While that was a great story to tell during my time as an ambassador afterward, I knew deep down that I was in no way the norm. I had gotten lucky with all of the circumstances that had led up to that point, and my story did not represent the masses of low-income and first generation students who didn’t have the energy to lose sleep planning for their sophomore year of college while still being in high school. When it comes to the accessibility of study abroad, I am a rare success story amongst a field that is still largely exclusive to middle class and wealthy students. It is the main driver for why I want to enter the field in the first place. I want International Education to be accessible for all.

 
Syd at the Taj Mahal

Virtual Exposure in a Virtualizing World

Now that you know about my story, it will be easier to understand how I’ve gotten here to work for a company like Learn International. Covid-19 has changed much of the way our world operates, and International Education is no exception. The pandemic had changed much of my plans for my graduate school experiences, but Learn International became a silver lining to that. The switch to virtual events and programming allowed me to attend the Lessons From Abroad conference, where I was able to be introduced to the company in the first place. Being a smaller company with many flexible and unique experiences was something I had found to be rare in the field. While many third party study abroad organizations had switched to virtual internships and programs, this was one of the only opportunities I found to work specifically in International Education as an intern. 

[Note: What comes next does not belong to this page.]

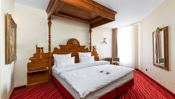 This grand hotel is just a 3-minute walk from Munich Central Station. The elegant rooms come with a four-poster bed, a Nespresso coffee machine and a flat-screen TV. WiFi is available free of charge. Check-in and check-out takes place stuffless via a kiosk in the hotel lobby. Please note that cash payment is not possible. The 4-star King's Hotel First serves a rich breakfast buffet. Our coworking coffee is ideal for the right vibe during your working hours. Modern workspaces later transform into a fancy bar. You can hold larger business meetings in our conference room with a view over the rooftops of Munich. Each room at King's Hotel is air-conditioned and features floor-to-ceiling windows and high-quality wooden furniture. The modern bathrooms are equipped with heated towel rails.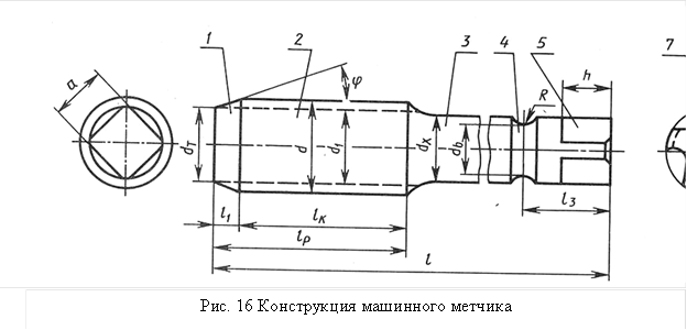Для глухих отверстий и чистовых комплектных метчиков длину режущей части уменьшают до (1,5…2)Р, где Р – шаг резьбы. Гаечные метчики имеют длину (6…12)Р, машинно-ручные -6Р.

Most global internships up until this point were completely out of reach for me. The significant expense of interning abroad and without pay was something that I could never justify in my situation, no matter how much I wanted to. The virtual opportunity to intern with places abroad rarely existed before Covid, yet the options were everywhere now. They were also far more affordable than going abroad. 

Although virtual internships and other programs are still relatively new in the field, Covid has provided a weird catalyst for International Education to become more accessible. Affordability is one thing, but there are also the looming possibilities for what the world will be like post-Covid. The switch to remote work has proven to many that there are significant positives to virtualizing our employment, many of which I will discuss in future blog posts. The opportunity to engage in experiences remotely is not only more accessible for people, but it also provides skills that will become more and more in demand in the coming years. Language, customs, and workplace etiquette all translate differently into the virtual space than they would in person. Tasks are completed differently online than they would be in the real world. These are all skills that will be needed in the future as the post-Covid world begins to develop. All of these issues are things I will be talking about in this blog as a way to advocate for virtual opportunities. I hope that you all will enjoy the journey with me as I develop my own virtual skills in an intercultural context.